- [What to work on]:
Copy each line below in which the string "شهری" appears.

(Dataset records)
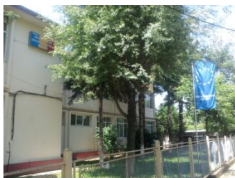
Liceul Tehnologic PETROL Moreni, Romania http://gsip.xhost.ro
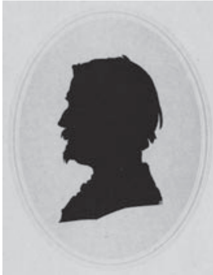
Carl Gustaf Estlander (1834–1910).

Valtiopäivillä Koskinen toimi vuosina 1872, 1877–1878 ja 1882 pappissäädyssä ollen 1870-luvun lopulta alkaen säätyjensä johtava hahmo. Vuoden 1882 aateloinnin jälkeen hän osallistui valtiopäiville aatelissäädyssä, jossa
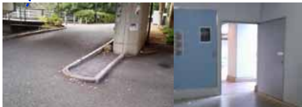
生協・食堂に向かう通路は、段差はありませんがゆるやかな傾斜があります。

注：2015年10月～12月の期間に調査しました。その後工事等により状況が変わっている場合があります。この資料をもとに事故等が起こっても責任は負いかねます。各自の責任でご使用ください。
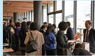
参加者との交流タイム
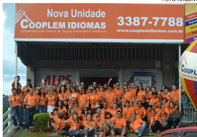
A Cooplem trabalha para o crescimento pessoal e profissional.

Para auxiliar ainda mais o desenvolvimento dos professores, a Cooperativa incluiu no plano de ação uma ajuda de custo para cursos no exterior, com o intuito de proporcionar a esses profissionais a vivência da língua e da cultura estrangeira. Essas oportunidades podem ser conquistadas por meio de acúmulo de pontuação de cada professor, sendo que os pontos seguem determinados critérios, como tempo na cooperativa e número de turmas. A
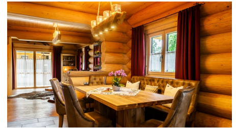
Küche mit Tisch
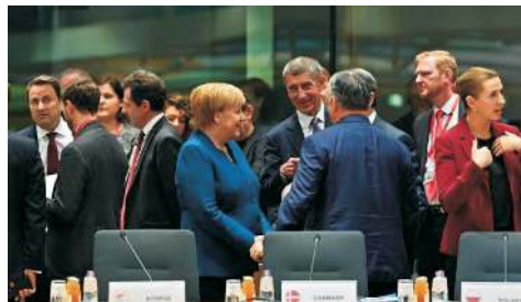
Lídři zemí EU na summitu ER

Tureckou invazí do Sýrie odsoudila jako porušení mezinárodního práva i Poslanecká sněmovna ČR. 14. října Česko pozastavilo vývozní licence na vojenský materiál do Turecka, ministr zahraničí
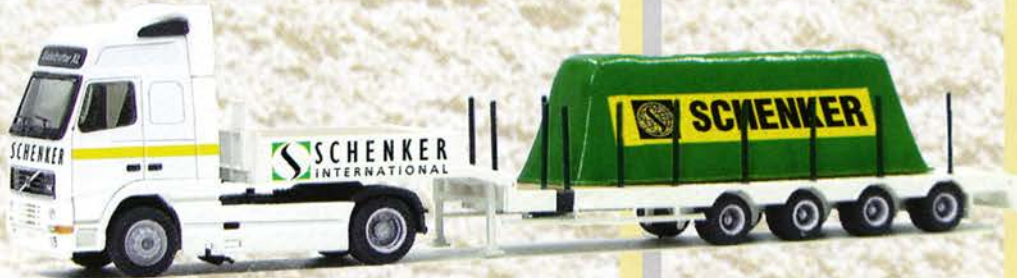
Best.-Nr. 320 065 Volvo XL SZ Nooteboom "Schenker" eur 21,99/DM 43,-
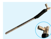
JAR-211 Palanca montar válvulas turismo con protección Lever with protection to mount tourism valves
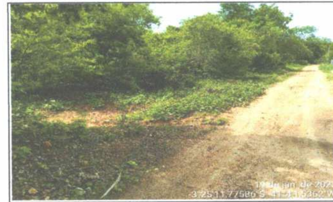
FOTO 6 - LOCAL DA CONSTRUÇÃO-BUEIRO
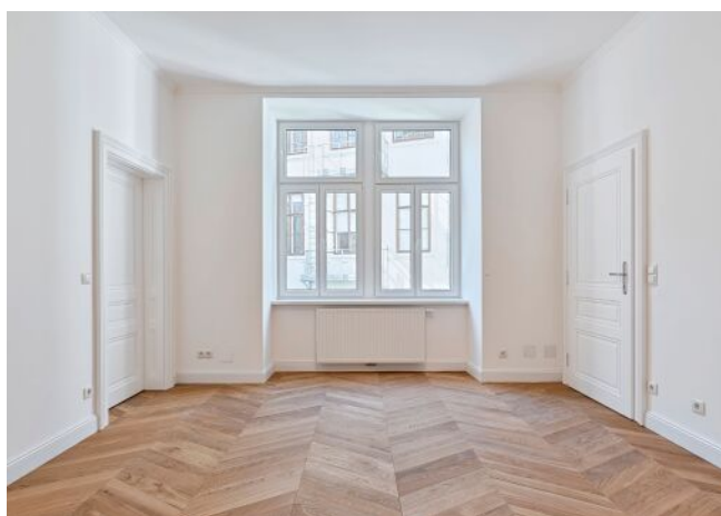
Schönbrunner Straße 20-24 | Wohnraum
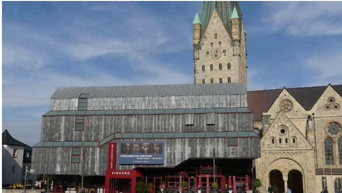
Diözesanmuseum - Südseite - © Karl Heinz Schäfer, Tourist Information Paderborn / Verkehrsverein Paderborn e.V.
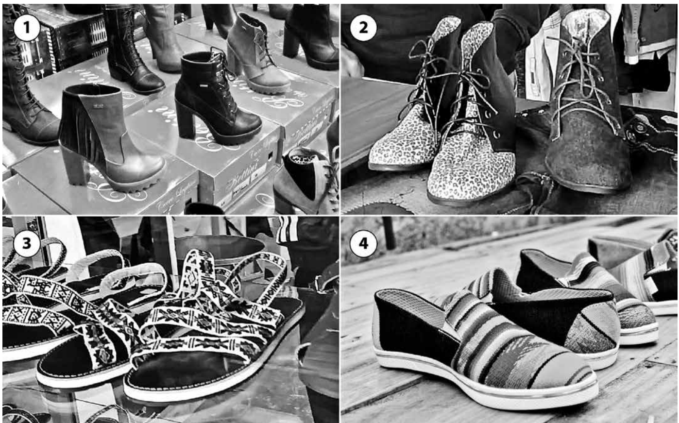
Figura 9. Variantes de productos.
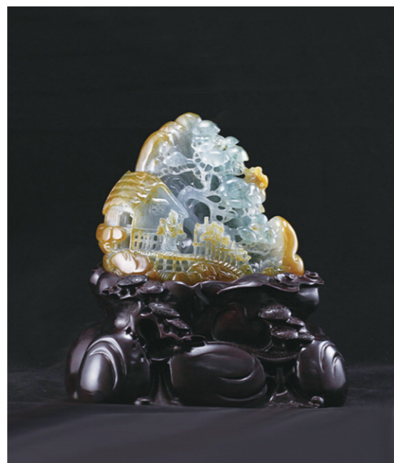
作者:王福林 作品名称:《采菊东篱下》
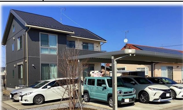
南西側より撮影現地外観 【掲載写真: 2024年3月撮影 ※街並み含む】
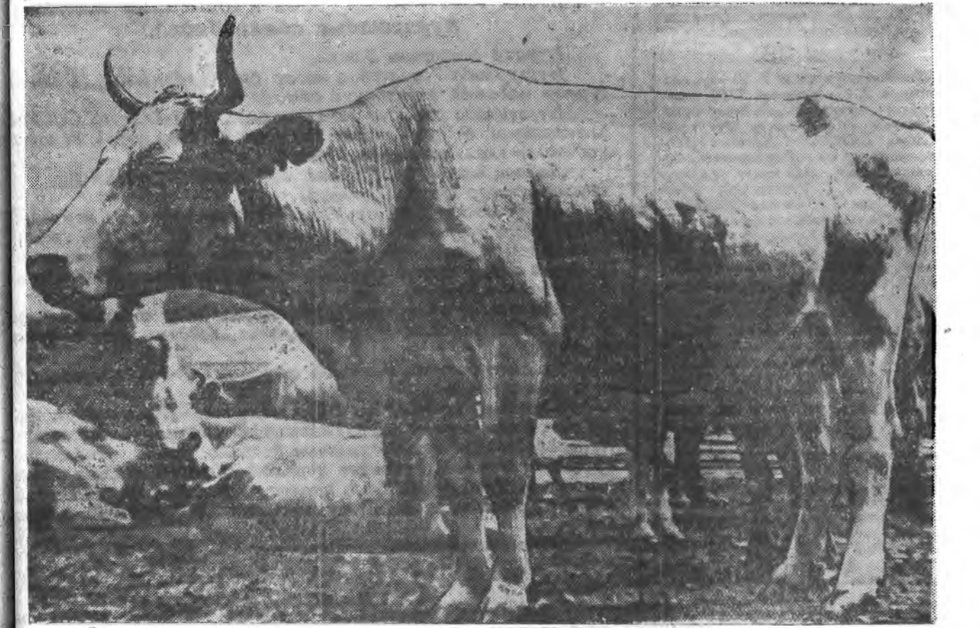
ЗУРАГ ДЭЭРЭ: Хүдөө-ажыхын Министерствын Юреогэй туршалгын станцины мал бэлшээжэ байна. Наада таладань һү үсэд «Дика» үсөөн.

--

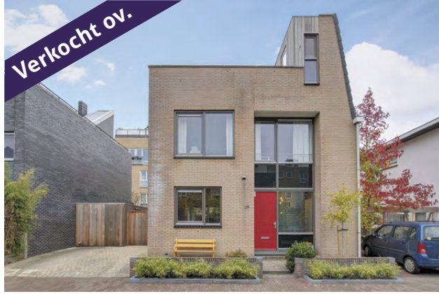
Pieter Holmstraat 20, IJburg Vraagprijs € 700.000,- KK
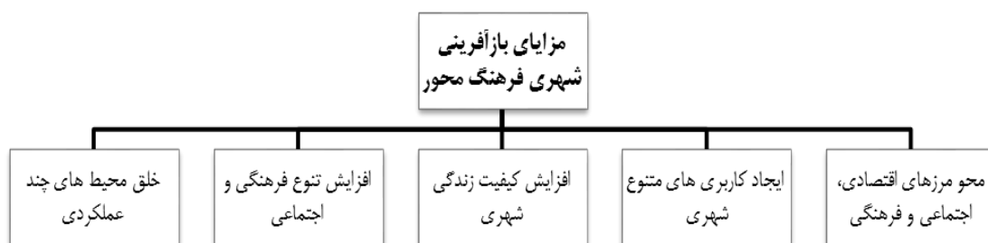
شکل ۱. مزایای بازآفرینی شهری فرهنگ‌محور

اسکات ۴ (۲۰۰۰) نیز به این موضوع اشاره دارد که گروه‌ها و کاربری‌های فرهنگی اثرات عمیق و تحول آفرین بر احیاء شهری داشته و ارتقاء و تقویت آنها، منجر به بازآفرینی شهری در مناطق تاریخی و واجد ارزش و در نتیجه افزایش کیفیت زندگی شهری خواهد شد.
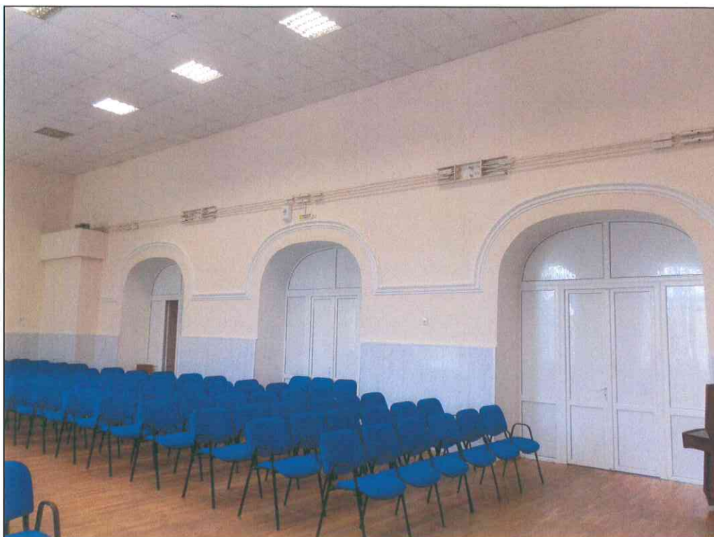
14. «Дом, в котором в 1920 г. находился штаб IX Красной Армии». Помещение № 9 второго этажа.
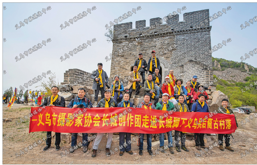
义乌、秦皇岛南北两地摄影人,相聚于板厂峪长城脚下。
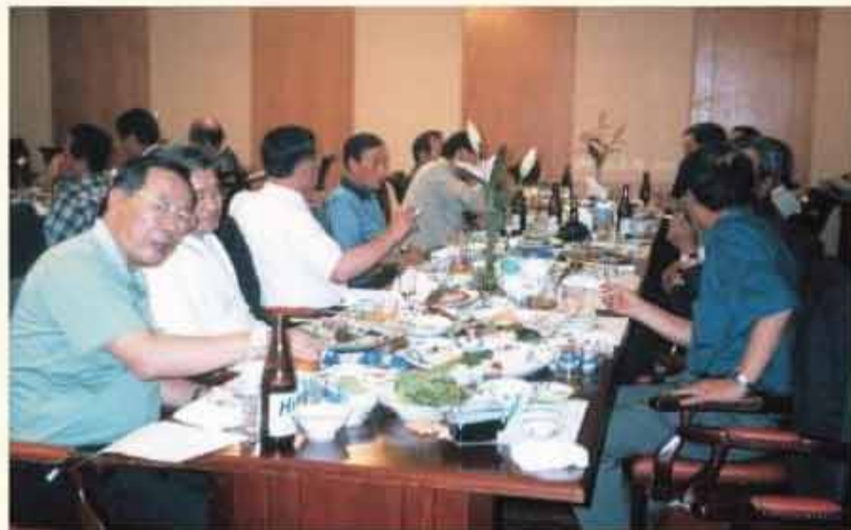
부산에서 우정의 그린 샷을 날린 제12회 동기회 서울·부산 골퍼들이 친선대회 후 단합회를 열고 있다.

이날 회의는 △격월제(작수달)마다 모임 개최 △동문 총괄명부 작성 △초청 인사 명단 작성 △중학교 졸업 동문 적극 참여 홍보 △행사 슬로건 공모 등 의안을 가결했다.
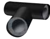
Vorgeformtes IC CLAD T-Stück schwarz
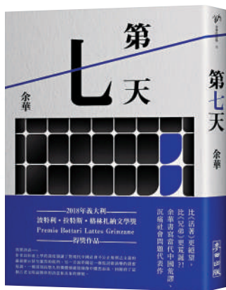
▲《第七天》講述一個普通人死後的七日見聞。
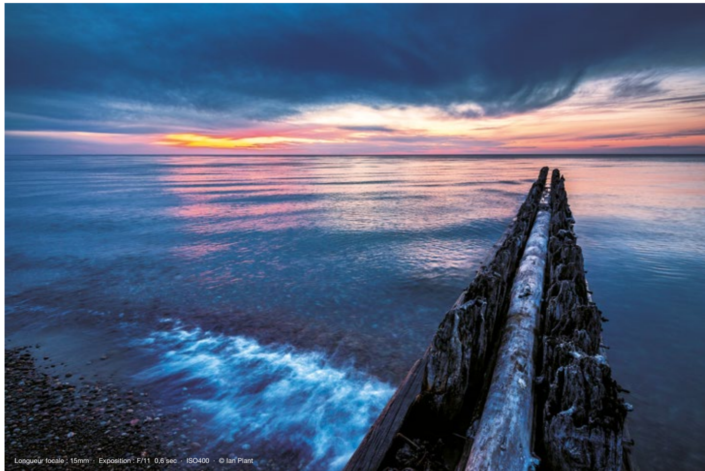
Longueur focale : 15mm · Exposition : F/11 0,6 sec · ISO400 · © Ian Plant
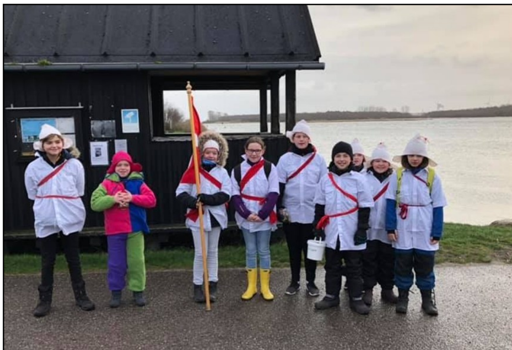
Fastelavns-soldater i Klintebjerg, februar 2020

...

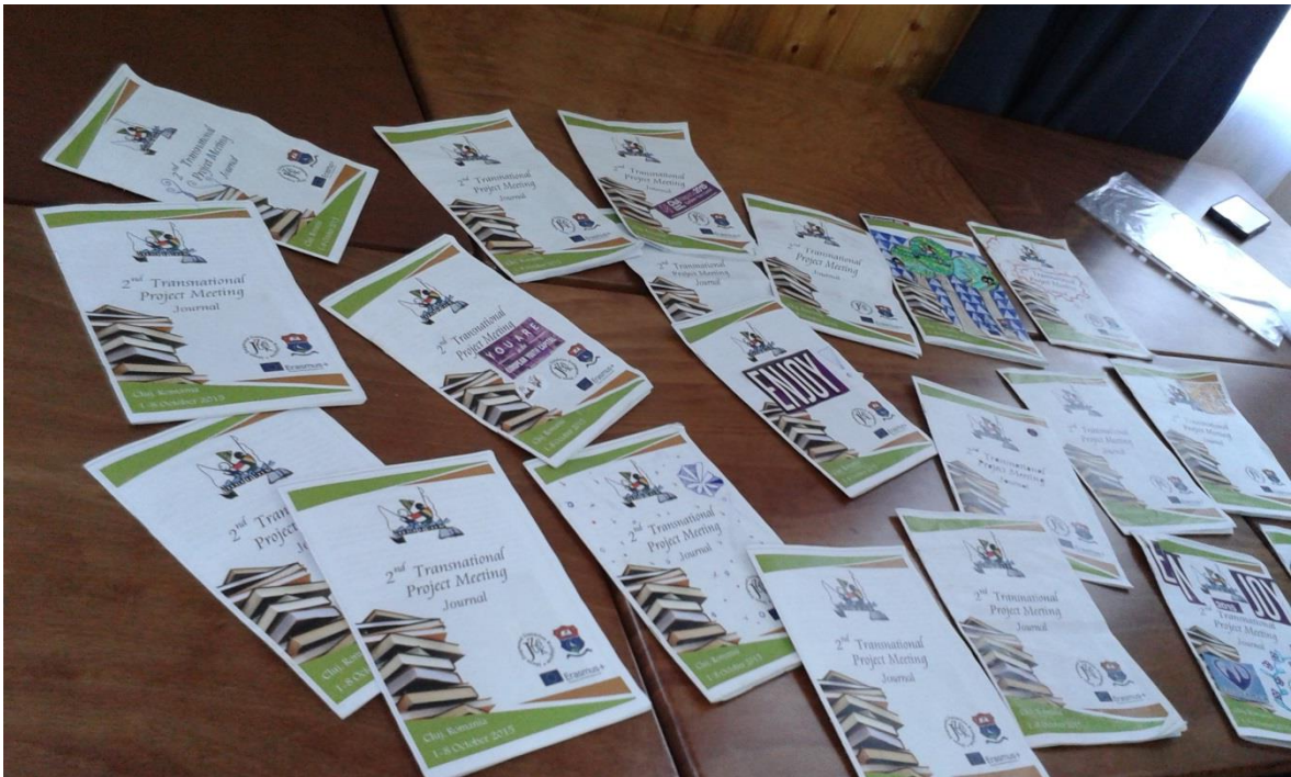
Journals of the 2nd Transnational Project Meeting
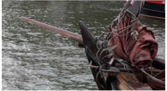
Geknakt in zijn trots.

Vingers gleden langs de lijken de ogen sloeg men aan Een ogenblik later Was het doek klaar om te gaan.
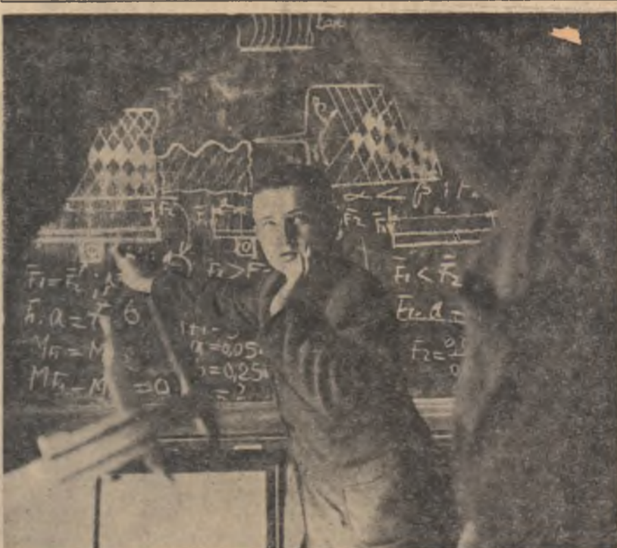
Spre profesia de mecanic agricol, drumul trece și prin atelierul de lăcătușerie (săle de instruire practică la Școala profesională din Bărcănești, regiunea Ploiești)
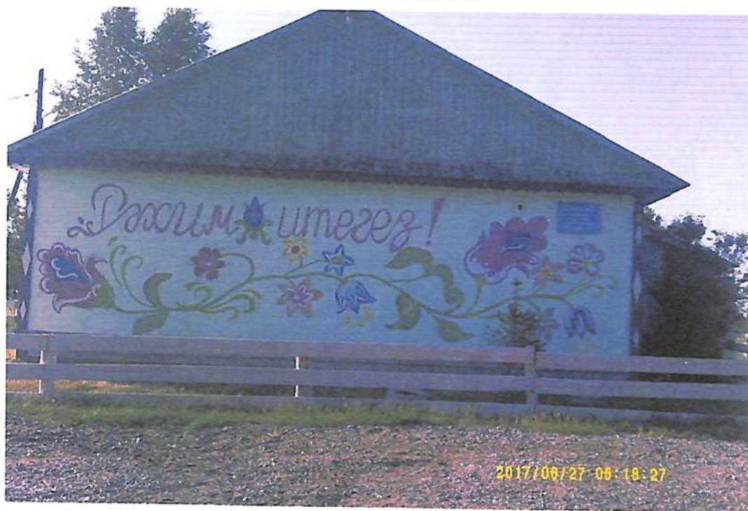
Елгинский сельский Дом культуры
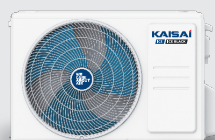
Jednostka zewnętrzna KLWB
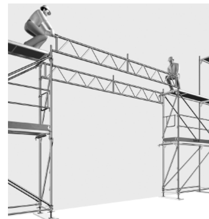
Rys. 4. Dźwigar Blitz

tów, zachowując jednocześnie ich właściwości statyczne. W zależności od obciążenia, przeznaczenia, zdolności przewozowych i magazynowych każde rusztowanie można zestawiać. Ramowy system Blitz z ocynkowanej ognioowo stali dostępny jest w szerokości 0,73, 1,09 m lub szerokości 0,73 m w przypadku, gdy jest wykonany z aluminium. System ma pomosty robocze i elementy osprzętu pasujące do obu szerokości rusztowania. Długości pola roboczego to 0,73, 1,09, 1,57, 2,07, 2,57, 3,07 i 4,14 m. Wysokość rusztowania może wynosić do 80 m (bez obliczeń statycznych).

- [Reply]:
شکل ۱. مزایای بازآفرینی شهری فرهنگ‌محور
اسکات ۴ (۲۰۰۰) نیز به این موضوع اشاره دارد که گروه‌ها و کاربری‌های فرهنگی اثرات عمیق و تحول آفرین بر احیاء شهری داشته و ارتقاء و تقویت آنها، منجر به بازآفرینی شهری در مناطق تاریخی و واجد ارزش و در نتیجه افزایش کیفیت زندگی شهری خواهد شد.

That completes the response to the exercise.